What is the global resource scheduler?
The global resource scheduler maximizes utilization and maintains fairness while assigning compute resources from Anyscale machine pools to jobs, workspaces, and services. The global resource scheduler controls the following behaviors for workloads configured to use machine pools:
- Allocates machines from the machine pool to a workload.
- Schedules workloads based on priority, required resources, time, and workload type.
- Evicts machines being used by other workloads to make room for an incoming workload.
- Queues workloads until machines are available.
See Share reserved compute resources with Anyscale machine pools.
How does the global resource scheduler work?
The global resource scheduler is a service in the Anyscale control plane that manages scheduling for machine pool resources.
When a workload requests machine pool instances, the global resource scheduler evaluates the request based on user-defined rules.
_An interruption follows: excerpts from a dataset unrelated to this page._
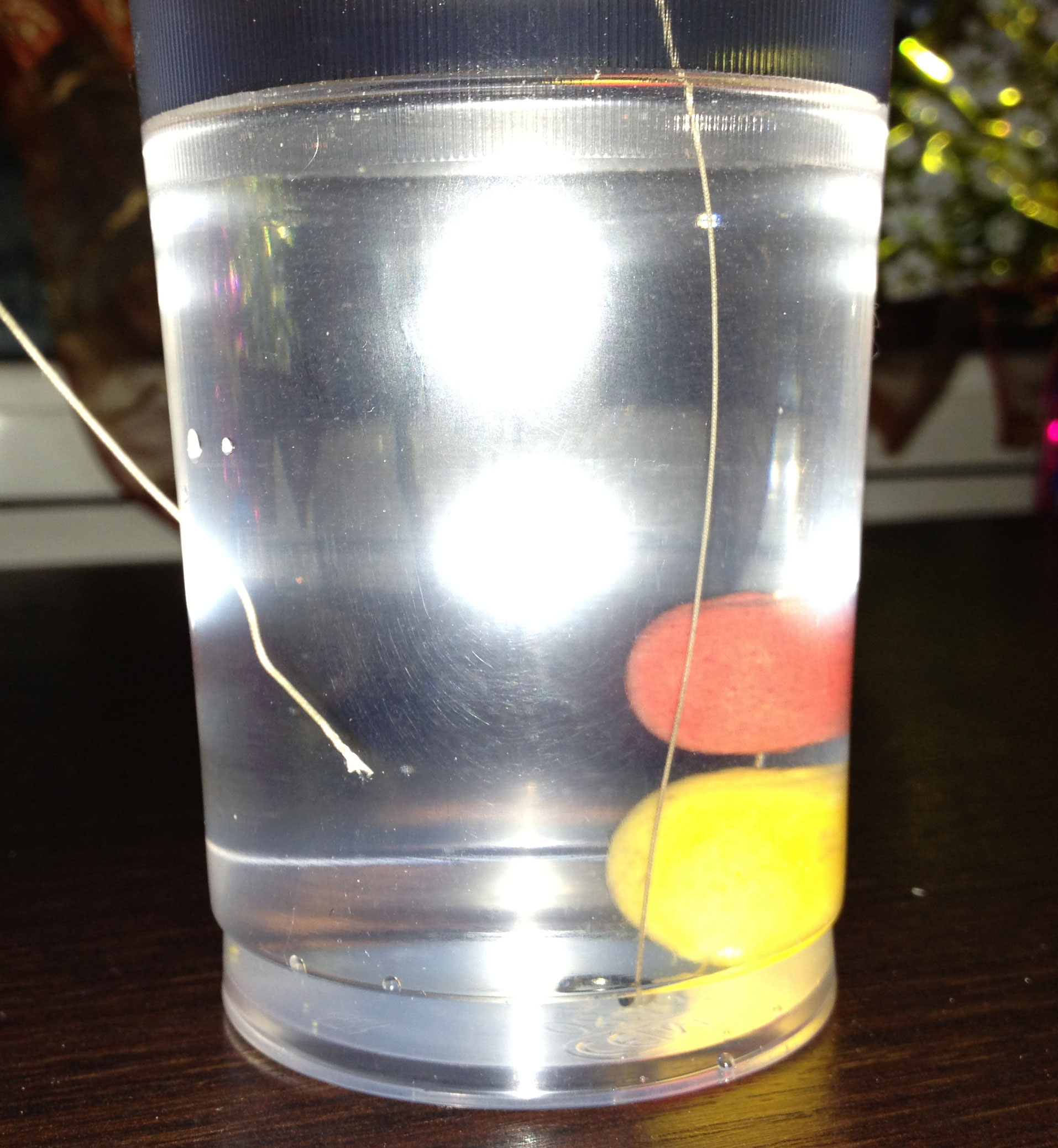 secondo me l'unica cosa puo essere la distanza tra le 2 palline...poi magari e solo molto accentuata dall'acqua e dal vetro, ma ti consiglio comuque un piattellino sotto l'esca per evitare che scivoli sull'hair....
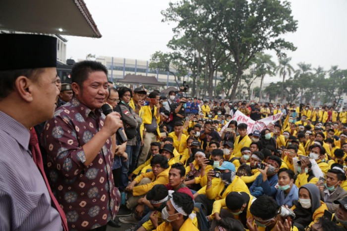 Usai meninjau sejumlah titik Kebakaran Hutan dan Lahan (Karhutla) di Kabupaten Ogan Ilir, Gubernur Sumatera Selatan (Sumsel) H. Herman Deru bersama dengan Forum Koordinasi Pimpinan Daerah (Forkopimda) dan pasca ricuh antara massa dari gabungan mahasiswa dari Universitas negeri dan swasta seluruh Sumsel yang tergabung dalam Gerakan Sumsel Melawan Asap dengan aparat terkait ketidak seriusan Pemerintah Provinsi (Pemprov) Sumatera Selatan (Sumsel) dalam menangani Kebakaran Hutan dan Lahan (Karhutla) terjadi di Kantor Gubernur Sumsel, Selasa (17/9) berujung ricuh. Gubernur Sumsel dan rombongan akhrinya menemui para mahasiawa.
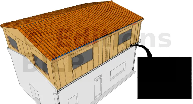 On y a recours quand la surélévation va de mur en mur. Le lamellé collé est positionné dans l’épaisseur de la structure en ossature bois. Il a pour avantage de jumeler 3 ou 4 poutr’espaces sous un pignon engendrant des moindres coûts. Cependant, il nécessite un engin de levage conséquent et il faudra également prévoir un calage s’il y a un passage de canalisation.
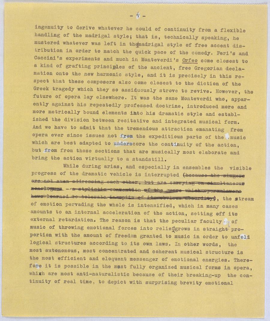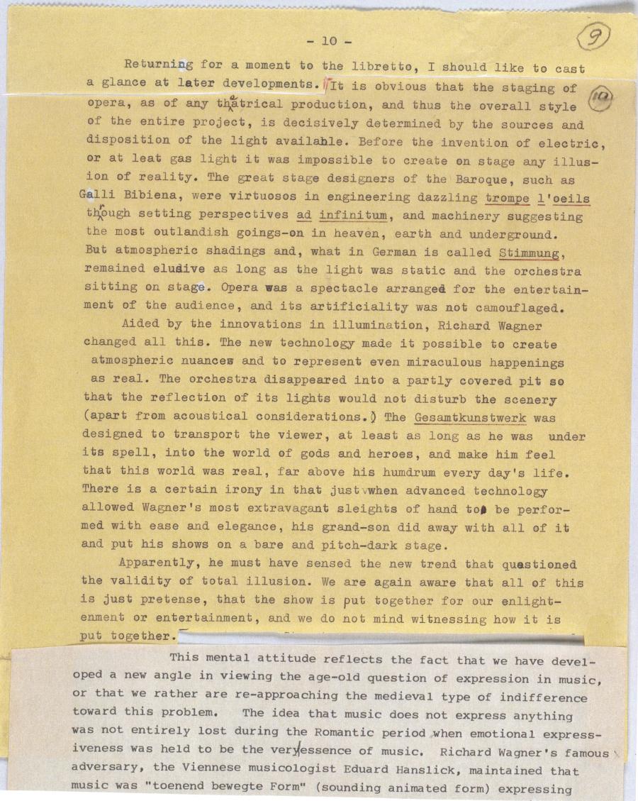 It seems that music, in the process of assimilating a text in order to produce an opera somehow brings it down from the lofty levels of literature. How, and exactly why does this happen? Every- body that has anything to do with opera knows that the application of music to a text extends the duration of the text to approximat- ely the triple of the duration of the same text if spoken without music. This is a very simple rule of the thumb that serves composers as well as librettists and hardly needs much explanation. It is,

It then makes a scheduling decision based on workload priority and available resources.
You configure the rules for your machine pools with regards to scheduling prioirties, then set complementary rules in the compute config for your workloads. For example, you can configure the global resource scheduler to reserve up to 25% of the GPUs in a machine pool for development work, but let production jobs or services expand to 100% of GPU capacity when development resources aren't in use.
How does Anyscale queue workloads?
If the machine pool doesn't have sufficient machines for a workload, the global resource scheduler places the workload in a first-in, first-out (FIFO) queue. The workload state reports as STARTING
or PENDING
. Workloads can bypass the queue if they're runnable while earlier submissions aren't.
The scheduler preempts running jobs when a job with higher priority requires resources. When preempted, a job enters the queue with the following behaviors:
- The scheduler enqueues the job using its start time. Because the job was previously running, this typically means the job is at the front of the queue relative to other jobs of the same priority.
- The job attempts to acquire the resources defined by the
min_nodes
parameter. - The
workload_recovering_timeout
parameter defines how long the job continues to try to acquire resources. The job terminates due to timeout if it can't acquire enough resources in the defined window. - If the
max_retries
parameter is greater than 0, the scheduler adds a new job to the end of the queue with a new workload start time.
Set a workload timeout
Anyscale respects the workload_recovering_timeout
and workload_starting_timeout
parameters when scheduling with machine pools.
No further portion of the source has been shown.